The antipode and the compact quantum group von Neumann algebra

Question

I came across a technical question (at least I believe so) of the following nature. Let $(\mathbb{G},\Delta)$ be a compact quantum group, where $\mathbb{G}$ is a $C^*$-algebra and $\Delta$ is a co-product. Let $S$ be the antipode which is in general unbounded operator on $\mathbb{G}$. Is the operator $S$ affiliated with the group von Neumann algebra $L^{\infty}(\mathbb{G})$? The affiliation is in the sense of Segal. It would be enough to claim that the spectral projections of $S$ are in $L^{\infty}(\mathbb{G})$.

Answer 1

So the answer is straightforward.
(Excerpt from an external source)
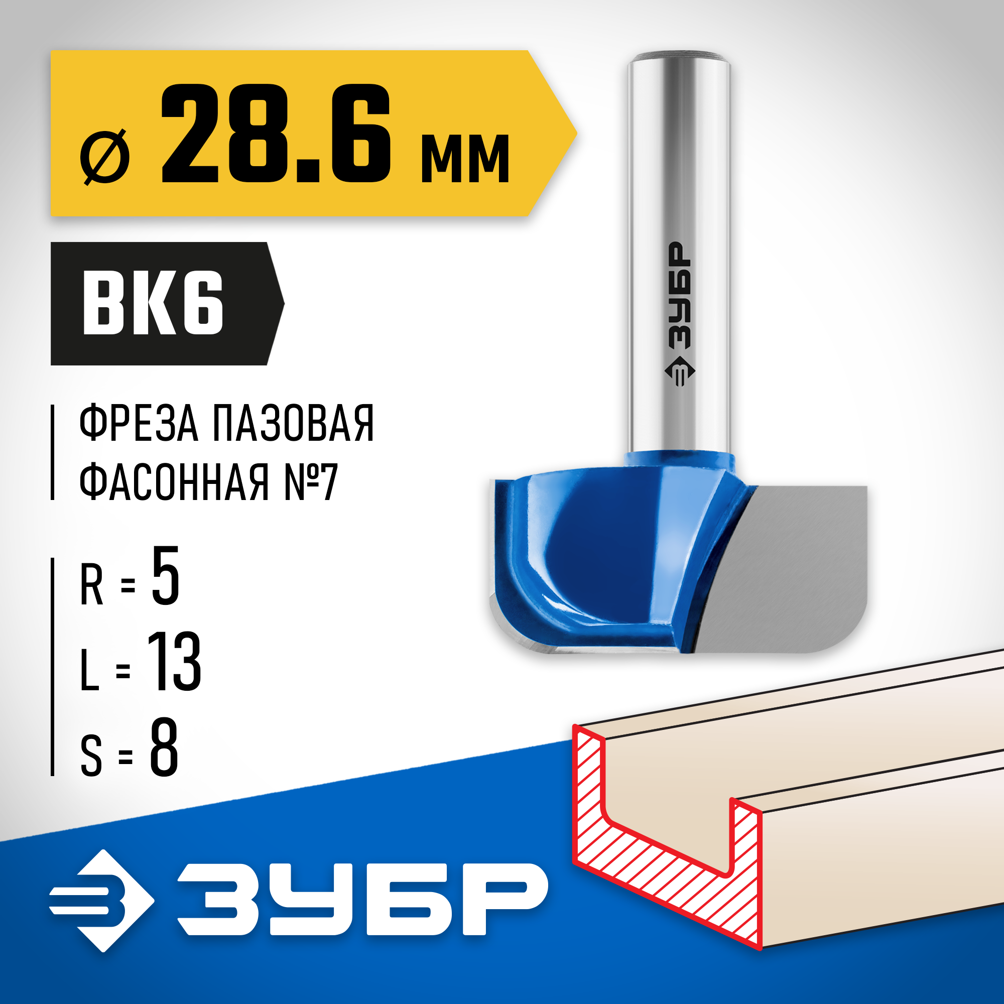ЗУБР 28.6 x 13 мм, радиус 5 мм, фреза пазовая фасонная №7, Профессионал (28746-28.6)
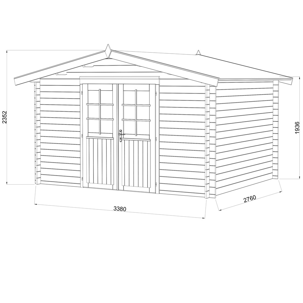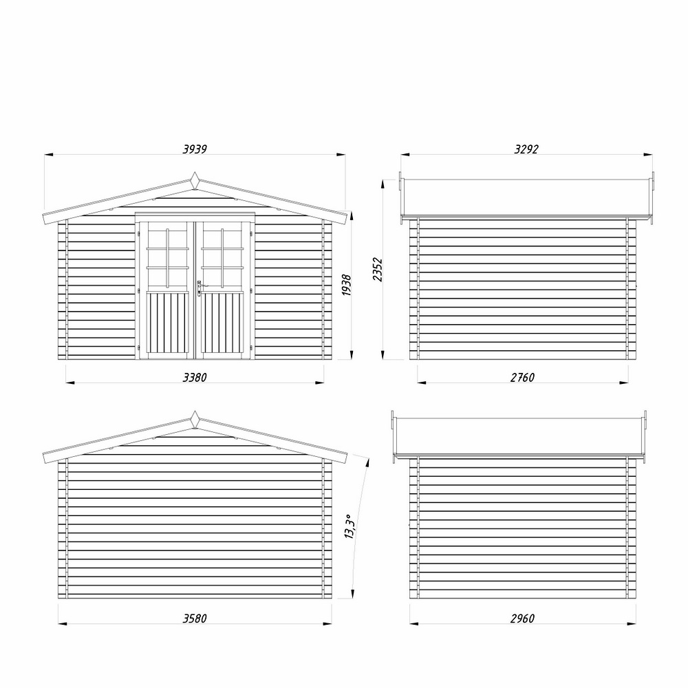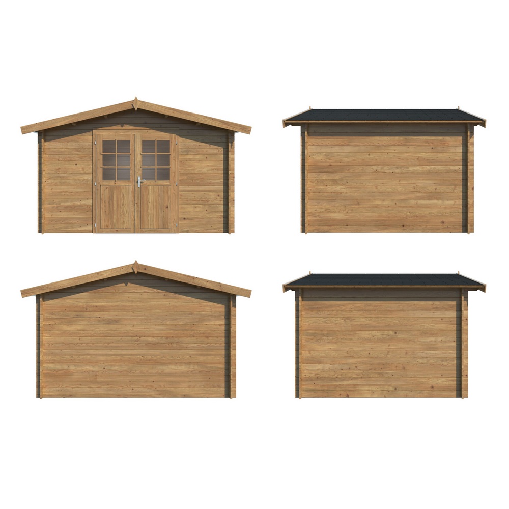 Casetta in legno rettangolare 358×296 cm per ambienti esterni realizzata in legno di abete impregnato in autoclave color marrone e essiccato

Let $(\mathbb{G},\Delta)$ be a compact group. Let $S$ be the antipode on $\mathbb{G}$. Piotr Soltan claims [2] that each intertwinning operator $F^{\pi}\in Hom(\pi,S^2\pi)$ is affiliated with the dual group $\widehat{\mathbb{G}}$ in the sense of Woronowicz [1].

It is clear that the square $S^2$ of $S$ is the direct sum of $F^{\pi}\in Hom(\pi, S^2 \pi)$ is $S^2$. Therefore, the operator $S^2$ is affiliated and hence the spectral projections $E_s(S^2)$ lie in $L^{\infty}(\mathbb{G})$. The operators $S^2$ and $S$ have the same spectral projections.

[1] S. Woronowicz. Unbounded elements affiliated with C∗-algebras and noncompact quantum group. Comm. Math. Phys., 1991.

[2] P. Soltan. Introduction to discrete quantum groups. Lecture notes, Bedlewo 2015, http://bcc.impan.pl/15TQG/uploads/pdf/discrete.pdf.